September, 2017: Sheila’s Fully Favorable Social Security Decision out of Keene, NH and Manchester, NH ODAR
As a NH Social Security lawyer (handling disability claims out of Maine, MA and NH) for 33 years), we see so many different variations on a theme as to why individuals are denied on their initial applications. Sometimes, it can seem, pushing one’s self to work can be counterproductive: not only to one’s health, but also to one’s Social Security disability claim. Sheila’s circumstances are quite atypical in this regard, and the very fact that she applied as early as she did following a layoff ended up bringing about an initial denial of her claim probably unnecessarily.

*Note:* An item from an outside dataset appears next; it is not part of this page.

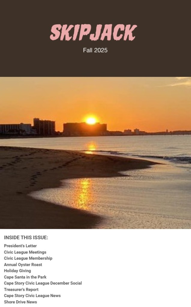 Fall 2025 Skipjack Newsletter Posted on December 7, 2025 by Todd Solomon Thank you to our amazing newsletter editor Chris Cahoon for another wonderful edition. Please click on the image link below to read our digital newsletter full of information about our wonderful neighborhood. Share this: Click to share on Facebook (Opens in new window) Facebook Click to share on X (Opens in new window) X Like Loading... Related

Sheila had been experiencing pulmonary difficulties for more than 20 years stemming from a condition called Pulmonary Hypertension, which is a “type of high blood pressure that affects the arteries I your lungs and the right side of your heart.” The Social Security listings do contain a listing for this condition, Listing 3.09, which specifically calls for a finding during the course of a cardiac catheterization for a specific pulmonary artery blood pressure reading equal to or greater than 40 mm HG. Assuming, however, one cannot show that one meets the very specific criteria set forth by one of Social Security’s medical listings of impairments (which automatically qualifies one for a finding of “disabled” under Social Security’s rules), it becomes necessary to proves that one cannot return to any of their past relevant work (that is to say, any of the types of work they performed in the 15 years prior to becoming disabled) or any other work that exists in significant numbers in their region or in other regions of the national economy.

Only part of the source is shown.